A and its conjugate transpose obviously have a very related structure that could possibly be exploited to improve the memory access pattern for the overall expression.
Are there any standard techniques for implementing this sort of expression in a cache-friendly way? Most optimization techniques that I've found for matrix multiplication are for the standard A*B case, not larger expressions. I'm comfortable with the micro-optimization aspects of the problem, such as translating into the appropriate SIMD instruction sets, but I'm looking for any references out there for breaking this structure down in the most memory-friendly manner possible.
Edit: Based on the responses that have come in thus far, I think I was a bit unclear above. The fact that I'm using C++/Eigen is really just an implementation detail from my perspective on this problem. Eigen does a great job of implementing expression templates, but evaluating this type of problem as a simple expression just isn't supported (only products of 2 general dense matrices are).

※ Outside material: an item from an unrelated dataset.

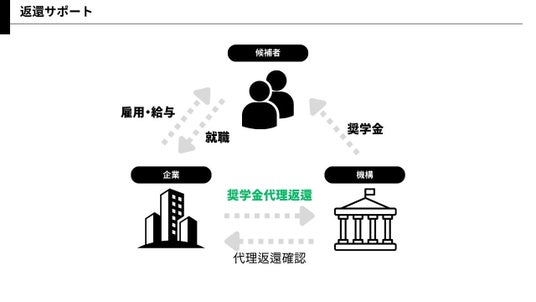 就職が決定した場合、候補者の給与とは別に、奨学金の返還サポートとして企業から返還を行います。企業から候補者の代理で直接返還を行う場合は、社会保険料の算定対象にならないなど、実質的な返還額以外にも、メリットがあります。(※1)

At a higher level than how the expressions would be evaluated by a compiler, I'm looking for a more efficient mathematical breakdown of the composite multiplication operation, with a bent toward avoiding unneeded redundant memory accesses due to the common structure of A and its conjugate transpose. The result would likely be difficult to implement efficiently in pure Eigen, so I would likely just implement it in a specialized routine with SIMD intrinsics.
This is not a full answer (yet - and I'm not sure it will become one).
Let's think of the math first a little. Since matrix multiplication is associative we can either do
(A*A')Y or A(A'*Y).
Floating point operations for (A*A')*Y
2*m*n*m + 2*m*m*k //the twos come from addition and multiplication
Floating point operations for A*(A'*Y)
2*m*n*k + 2*m*n*k = 4*m*n*k
Since k is much smaller than m and n it's clear why the second case is much faster.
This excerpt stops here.